In 2018, one year after moving to Mexico City from his native Venezuela, photographer Alejandro Cegarra was visiting the Chapultepec Zoo. As he strolled through the vast 42-acre expanse of parks and wildlife exhibits, he was shocked to discover a lush panda enclosure. A panda in Mexico City?
The encounter led him down a rabbit hole to 1970s Mexico, when the country had effectively recognized China’s authority over Taiwan at the United Nations. Soon, other Latin American countries followed suit, and China gifted two giant pandas, Pe Pe and Ying Ying, to the Mexican zoo in 1975. Their arrival sparked a panda fever: pop songs, cartoons, and commemorative coins celebrating the pandas embedded into the country’s cultural fabric.

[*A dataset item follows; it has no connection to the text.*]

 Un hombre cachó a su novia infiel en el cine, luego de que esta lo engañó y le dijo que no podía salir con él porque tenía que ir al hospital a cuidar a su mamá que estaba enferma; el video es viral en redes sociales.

Today, Xin Xin, the granddaughter of the two gifted pandas, is the last of her kind in Latin America and one of only three in the world not owned by China. At 33 years old, she’s five years from matching the record lifespan of a panda in captivity. But as of now, there’s no plan to replace her. These may be the final days of Mexico’s half-century panda love affair.
“This is a forgotten panda,” says Cegarra. While Mexico City residents still visit the zoo’s biggest star, the past decades have transformed the city into a hub of attractions and entertainment: major concerts, formula one car races—even the World Cup will be played there in 2026. Amid this abundance of distractions, Xin Xin has faded to the background.

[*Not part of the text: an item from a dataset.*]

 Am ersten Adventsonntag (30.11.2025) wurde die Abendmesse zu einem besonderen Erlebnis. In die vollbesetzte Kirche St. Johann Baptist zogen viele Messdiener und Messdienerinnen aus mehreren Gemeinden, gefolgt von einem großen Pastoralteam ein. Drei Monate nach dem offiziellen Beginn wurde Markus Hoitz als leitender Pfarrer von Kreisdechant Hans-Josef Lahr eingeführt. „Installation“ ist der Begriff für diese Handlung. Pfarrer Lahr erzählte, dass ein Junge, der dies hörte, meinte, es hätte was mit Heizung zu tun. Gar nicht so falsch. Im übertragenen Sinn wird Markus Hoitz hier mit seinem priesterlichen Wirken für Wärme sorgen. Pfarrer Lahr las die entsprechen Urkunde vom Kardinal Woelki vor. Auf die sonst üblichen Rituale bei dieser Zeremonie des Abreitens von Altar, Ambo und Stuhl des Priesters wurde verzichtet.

Starting in the late 1950s, China gifted giant pandas to countries as a sign of friendship and diplomatic alliance. China has been using pandas in international relations possibly as far back as the seventh century, when Empress Wu Zetian sent two bears, likely pandas, to Japan. That tradition ended in 1984, when China changed its protocols and began renting the pandas on 10-year leases. Today, zoos pay fees of up to $1 million a year per panda pair, and any foreign-born offspring are considered Chinese property and must be returned.
Breeding pandas is difficult, time-consuming, and expensive. Very few have been born in captivity outside China. Veterinarians at the Chapultepec Zoo in Mexico City were the first to successfully do so, in August 1980. The baby was named Xeng-Li, meaning “success.” At the time, there were an estimated 250 pandas in the wild and 50 in captivity. Today, there are approximately 500 in zoos and reserves, and around 1,800 in the wild. In the past 40 years, eight giant pandas were born in Mexico, and five lived to adulthood.
The pandas’ placement across the globe traces decades of Chinese political interests. In 2008, two giant pandas were gifted to Taiwan in a rare moment of warming relations. Like in Mexico, the offspring of those pandas are not the property of the Chinese government, though Taiwan’s independence is contested by China. To critics, China’s strategy of “panda diplomacy”—gifting and loaning the bears to friendly countries—is a tactic to soften the superpower’s global image. To supporters, the exchanges are hailed as a model of international cooperation that benefits a vulnerable species.
“A geopolitical relationship between two countries links with a lonely panda in Mexico City that no one remembers,” says Cegarra. “It’s so unique.”
At the Chapultepec Zoo, it took Cegarra more than 20 visits over six months to complete a photography project on Xin Xin—the last of Mexico’s 11 pandas. Pandas sleep up to 12 hours a day and spend much of the rest sedentary, snacking on bamboo and lounging. In the meantime, he got to know Xin Xin’s posse: the veterinarian, Myriam Noguera, who has spent the past decade tending to her and other zoo animals. And the panda’s caregiver, Elías García Ramírez, who has spent nearly every day of the past 20 years cleaning her habitat, preparing her bamboo, and ensuring her safety. Once, he looked after three pandas. Now he watches only Xin Xin.